Papers by Author: Xian Hui Song

Abstract: Carbon fiber reinforced concrete (CFRC) structures exhibit both strain sensibility and temperature sensibility, which are coupled with each other when used in traffic or health monitoring for concrete structures. This coupling property results in inaccurateness of measured deformation. In this paper Four-probe Difference Method is used to detach the above two effects according to loaded conditions of structures and different characteristics of the two effects. The theoretical and experimental results indicate that the method is feasible and effective.

Abstract: Structural health monitoring (SHM) is becoming a popular topic. Carbon fiber reinforced concrete (CFRC) is an intrinsically smart material that can sense strain. The resistivity increases reversibly under tension and decreases under compression. A new skin-like sensor —cement-based smart layer had been put forward, which can serve as whole field strain sensor. The smart layer is satisfactorily consistent with concrete structure. The smart layer is a thin carbon fiber mat cementbased composite material layer with finite electrodes. It can cover the surface of concrete structure, and provide on-line reliable information about the deformation of whole concrete structure. The static characteristics of the new-type sensor had been researched. Its gage factor is 20-25 under tension and 25-30 under compression within the elastic deformation range. Furthermore the smart layer has satisfactory linearity and repeatability. In this paper, the sensor characteristics of the bare carbon fiber mat have been reached. The resistivity of carbon fiber mat has good agreement with strain under uniaxial tension. The gage factor can be up to 375, and the sensor limit can be up to 10000 microstrain. The strain and the fractional change in electrical resistance .R/R0 are totally reversible and reproducible under cyclic loading and amplitude-variable cyclic tensile loading.
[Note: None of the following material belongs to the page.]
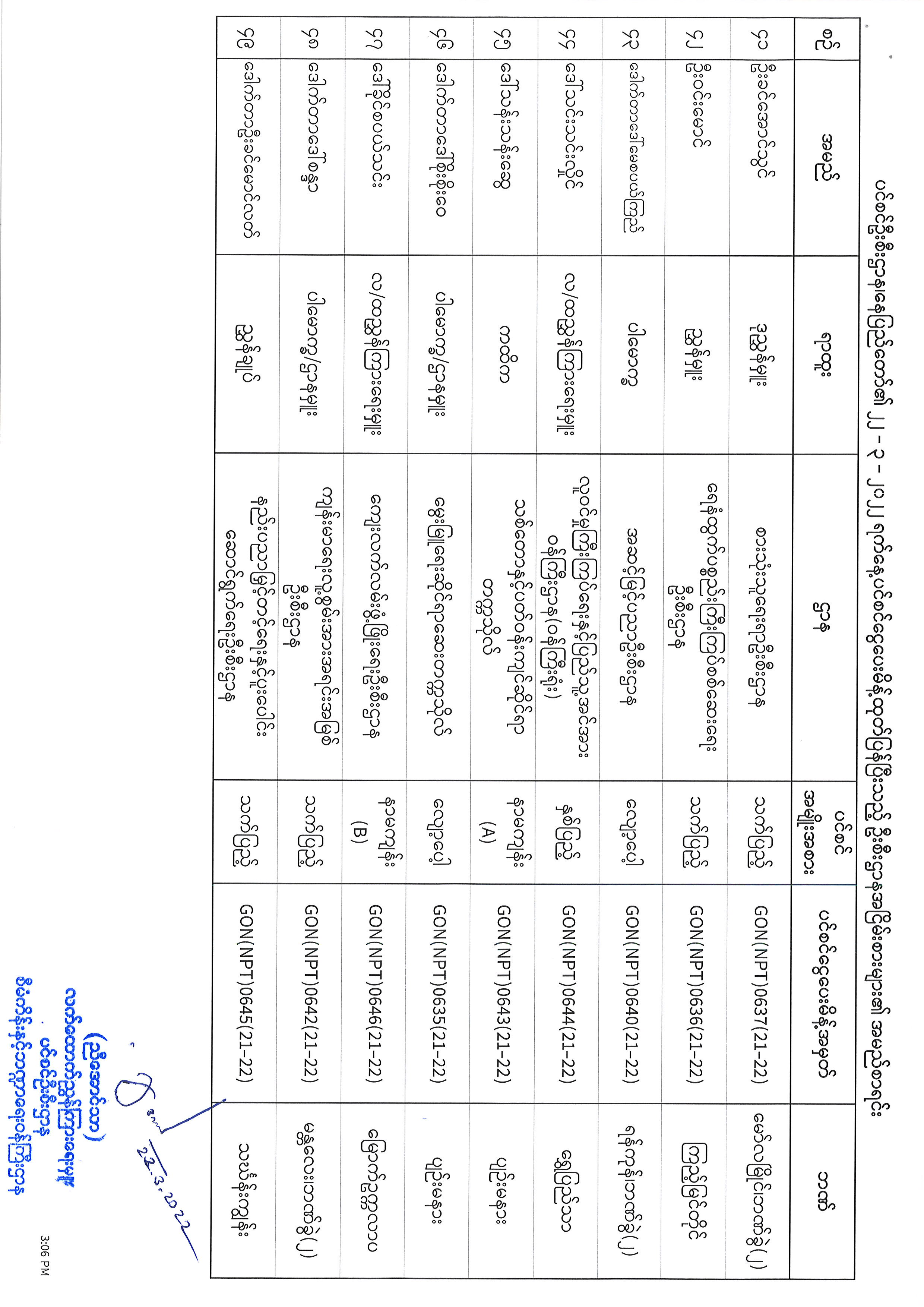 ပင်စင်ဦးစီးဌာန၊ နေပြည်တော်၏ ငွေပေးမိန့်ထုတ်ပြန်မှုစာရင်း (၂၂-၃-၂၀၂၂)

Abstract: Based on the functional characteristics of carbon fiber reinforced concrete (CFRC), an improved infrared nondestructive testing method, to detect crack in CFRC by using infrared thermography, is presented in this paper. The principle is that when a CFRC specimen is applied a low voltage, crack existing in the specimen will result in non-homogeneous surface temperature distribution due to the electro-thermal effect of the material. Monitoring the temperature difference on the surface, the crack under the observed surface can be inspected by using infrared thermography. In theory, the mechanism causing the temperature difference comes down to an unsteady heat transfer problem with internal energy sources. In the case of the thermo-physical property of CFRC as given, the sensitivity of this method to the depth of the crack is analyzed by numerical computation.

Abstract: Cement structures such as bridges and dams often come into being distortion or exhibit excessive thermal stresses due to the sun radiation or freeze-thaw cycle. Therefore, temperature especially inner temperature difference or deformation of structures must be controlled or regulated sometimes in order to reduce thermal stresses or excessive deformation and to extend the life-span of structures. In this paper, the electro-thermal effects of smart cement are used to adjust temperature difference or deformation of concrete beams without the need of peripheral non-structural materials. Concrete beams for temperature and deformation adjustment were fabricated, and some experimental results as well as the related conclusions about temperature difference and deformation were produced. Based on these results, experiments of temperature difference or deflection adjustment are further conducted successfully. The research results in this paper are the bases of temperature and deformation adjustment for mass concrete structures. A new path will be broken to adjust temperature or deformation easily for some structures.